Is following the rules really enough to avoiding claim denials?

It is obvious that you comprehend that if you don’t follow the rules f your health plans, your claims will not be covered. Sometimes your claim is denied even after you do everything right.Following the rules is also very important if you want your claim to bring satisfactory results. However, sometimes it simply isn’t enough.

Negotiating with your own health care contract isn’t your responsibility when you have a group health plan through work.  Nevertheless, you should ask your employer plenty of questions about your group health plan in order to fully educate yourself. By following these five steps, you will avoid “claims surprises”:

If you have any problems with a claim, don’t hesitate to call the insurer and ask for an explanation. Remember to take detailed notes during the explanation. This step is crucial to follow. As a matter of fact, many claim denials are caused by misunderstandings between the consumer and the insurance company itself.
 
If you still didn’t understand all of the necessary components in your claim, or if you simply think that meeting someone face-to-face would be more effective, visit the person in your company responsible for benefits administration. Their position and great knowledge of the health plan details will assist you further to quickly resolve your problem.

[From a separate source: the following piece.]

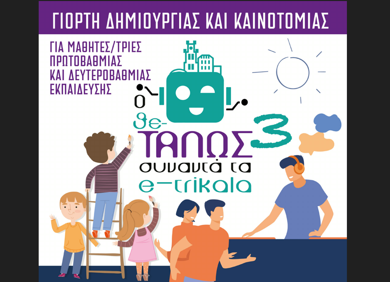 Οι Διευθύνσεις Πρωτοβάθμιας και Δευτεροβάθμιας Εκπαίδευσης Τρικάλων, ενημερώνουν ότι η Γιορτή δημιουργίας και ψηφιακών δεξιοτήτων για μαθητές/τριες Πρωτοβάθμιας και Δευτεροβάθμιας Εκπαίδευσης «Ο Θε-ΤΑΛΩΣ συναντά τα e-trikala3», η οποία είχε προγραμματιστεί να πραγματοποιηθεί τον Μάρτιο και αναβλήθηκε λόγω καιρικών συνθηκών, αποφασίστηκε να πραγματοποιηθεί την Τρίτη 5 Μαΐου 2026 (Πρωτοβάθμια Εκπαίδευση) και την Τετάρτη 6 Μάϊου 2026 (Δευτεροβάθμια Εκπαίδευση).

Be absolutely sure about your benefits or providers covered under your plan – never rely on what you think is true. Make sure that you double-check whether the services, providers and benefits you need are covered under you plan.

You should do this before you receive treatment. This can be done by calling your plan’s customer-service department. Don’t forget to take notes. Write down the representative’s name, the date and the time, and the general details of your conversation.

If you find out that your benefits or providers have changed, and you have not been informed, bring this to the attention of the person in your company who is responsible for benefits administration. Ask if this situation is covered under the company’s contract with your health plan.
 
File a grievance with your health plan if your claim is unresolved. Don’t give up if you get a denial. There’s always a good chance the denial might be reversed. The complaint eventually goes before a state sponsored grievance committee that’s outside the plan. This is true in many states. “If a health insurer or health maintenance organization refuses to pay for a treatment it considers medically unnecessary or inappropriate, you may be able to have an Independent Review Organization review the decision,” says Texas Insurance Commissioner Jose Montemayor.